= Instructions to follow =
From the line containing "Sits och rygg" through the last line of the records below, output every line exactly, both ends included, except the pictures.

= Exercise data =

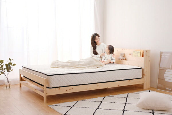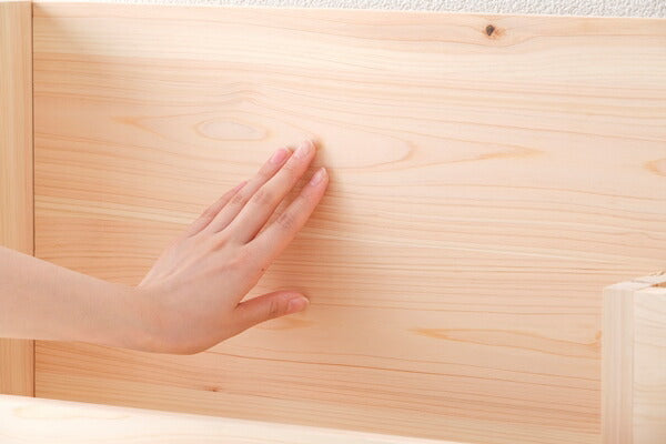 安心の耐荷重200kgの頑丈な総ヒノキすのこベッドです。きしみを気にせず、寝返りができる高耐荷重設計です。通気性抜群で湿気が溜まりにくく、オールシーズン快適です。ヘッドボードはブックスタンド、タブレットやスマホスタンドになります。2口コンセントとUSBタイプAポート付きです。ライフスタイルに合わせて、ベッドの高さは4段階調節ができます。癒し効果のあるヒノキ材を贅沢に使用しています。ベット下の空間は収納スペースとして有効活用できます。どんなお部屋にも馴染みやすいシンプルなナチュラルカラーです。
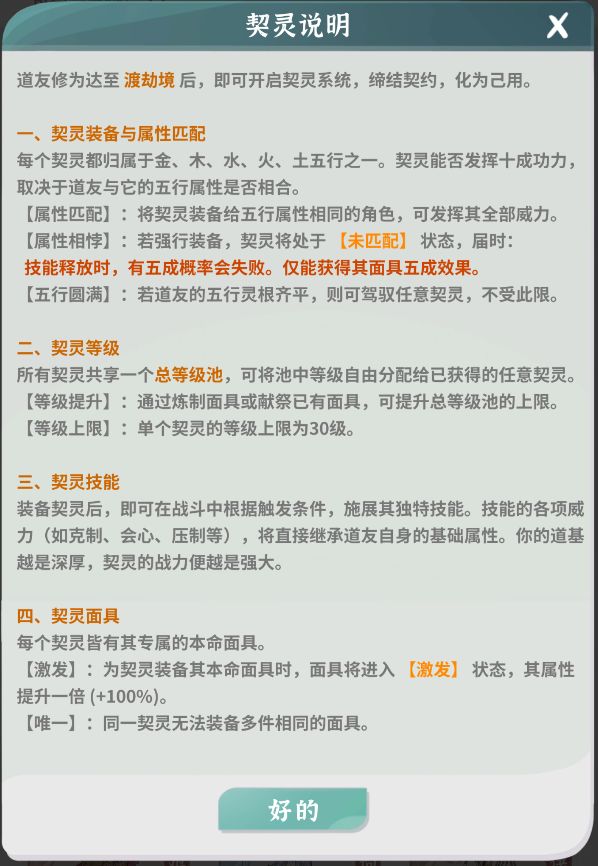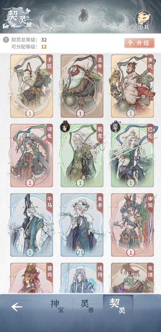 契灵系统在主线来到归龙关,击败六丁六甲大阵阵眼后开启,当前版本开放首批12个契灵(对应十二阵眼)。
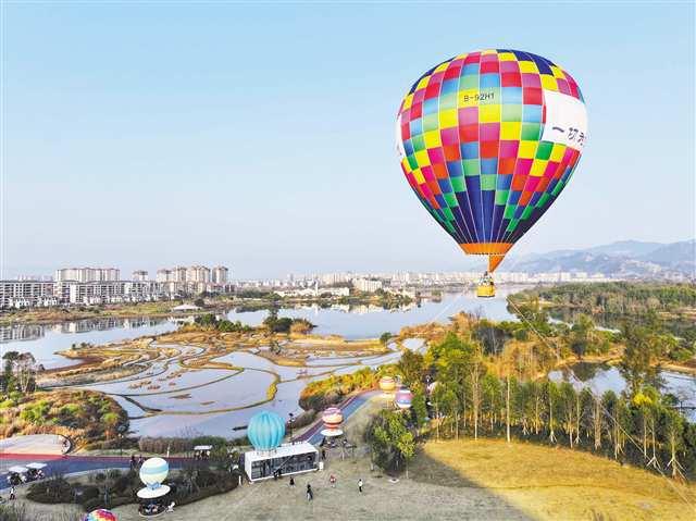 2月20日,梁平區(qū)雙桂湖國(guó)家濕地公園,游客乘坐熱氣球俯瞰美景(無人機(jī)照片)。特約攝影 劉輝/視覺重慶
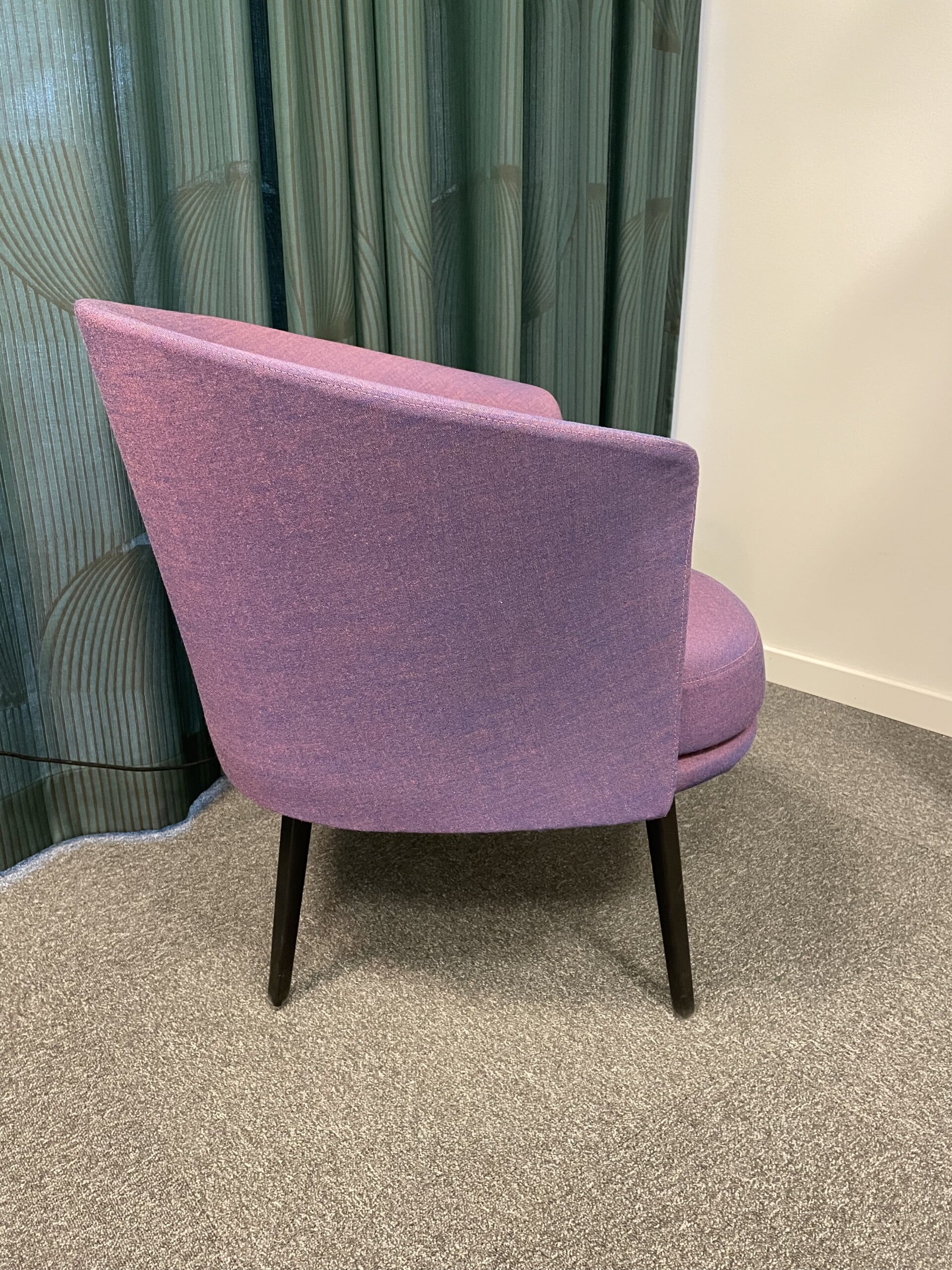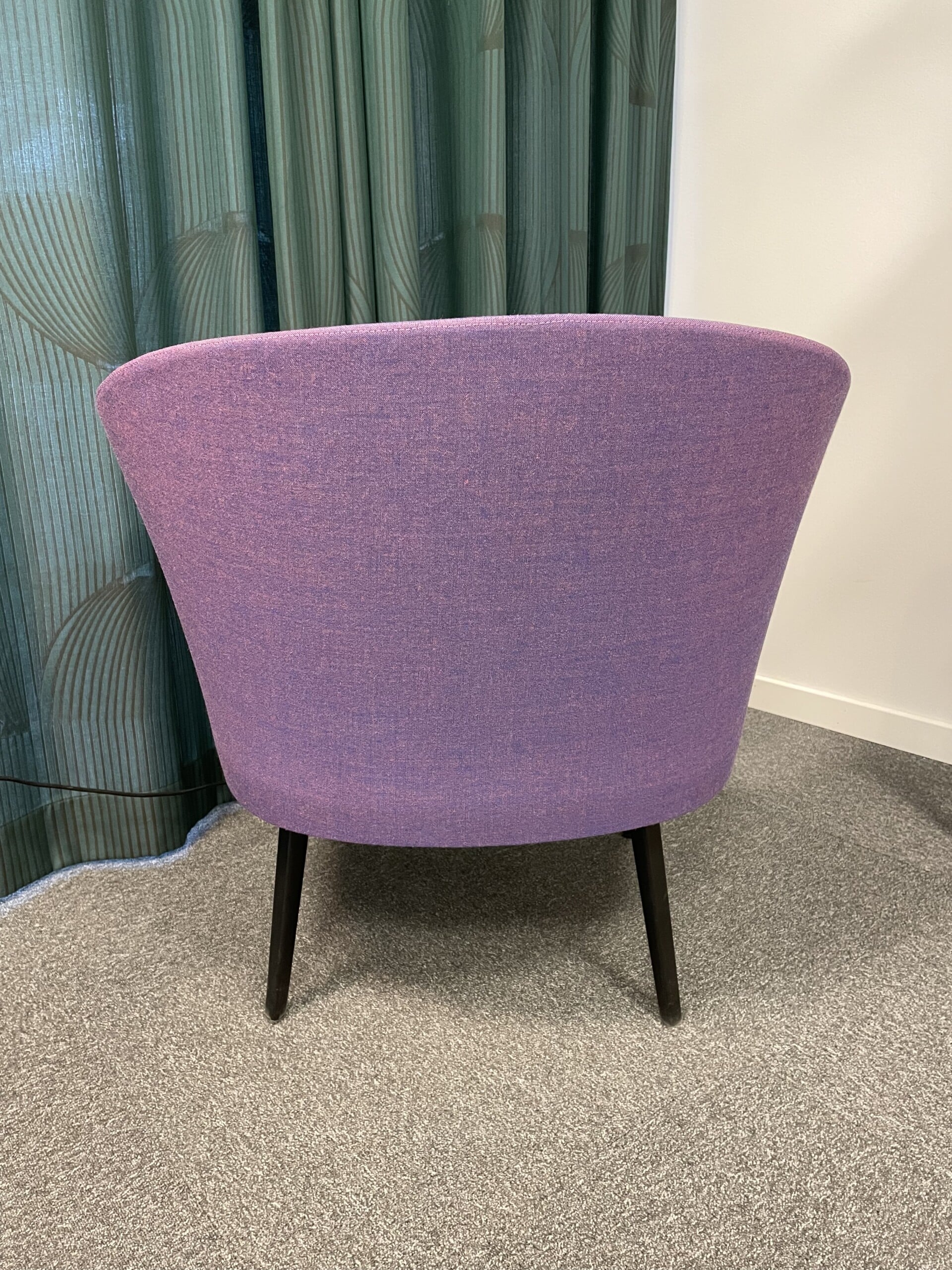 Sits och rygg i tyg (lila). Ben i metall (svart).
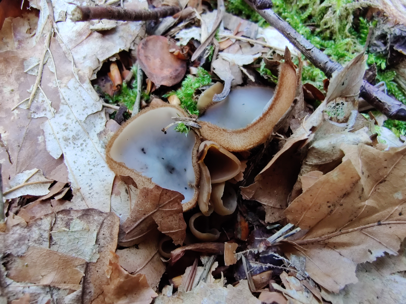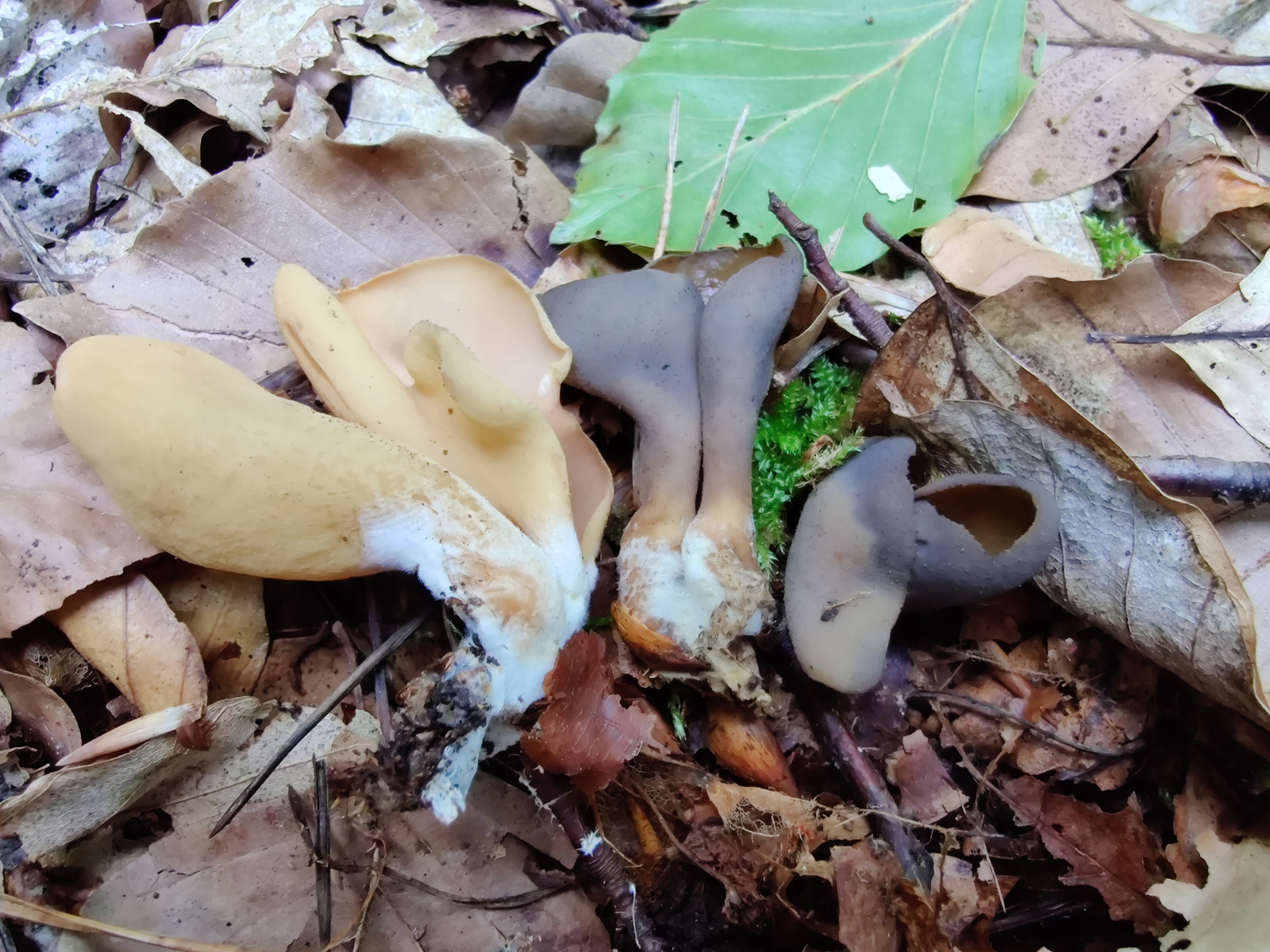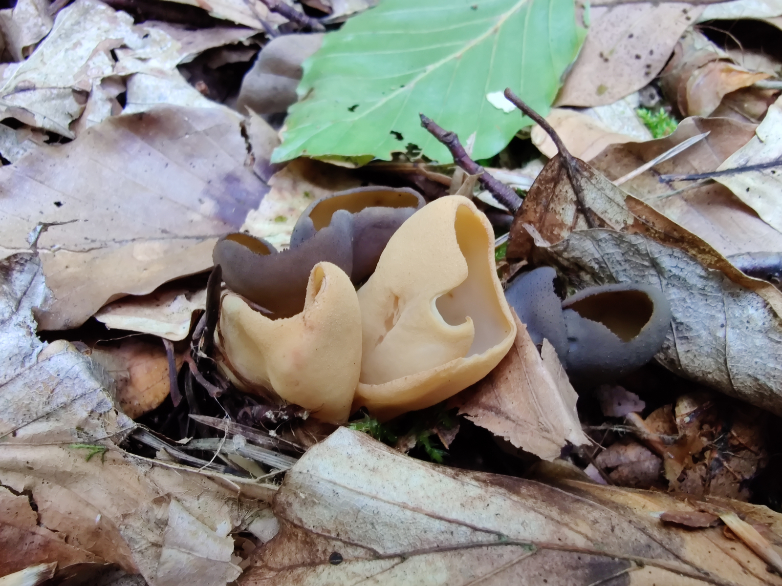 5. Ein Öhrling, das Eselsohr (Otidea onotica) könnte gut passen. Ich weiß jedoch nicht, ob man den so einfach makroskopisch festnageln kann. Einen rosa Ton des Hymeniums konnte ich lediglich erahnen. Bemerkenswert fand ich die dunklen Fruchtkörper in direkter Nachbarschaft zu den hellen. Hat da schon jemand ähnliche Beobachtungen gemacht oder kann mich aufklären?

= Response area =
 Sits och rygg i tyg (lila). Ben i metall (svart).
 5. Ein Öhrling, das Eselsohr (Otidea onotica) könnte gut passen. Ich weiß jedoch nicht, ob man den so einfach makroskopisch festnageln kann. Einen rosa Ton des Hymeniums konnte ich lediglich erahnen. Bemerkenswert fand ich die dunklen Fruchtkörper in direkter Nachbarschaft zu den hellen. Hat da schon jemand ähnliche Beobachtungen gemacht oder kann mich aufklären?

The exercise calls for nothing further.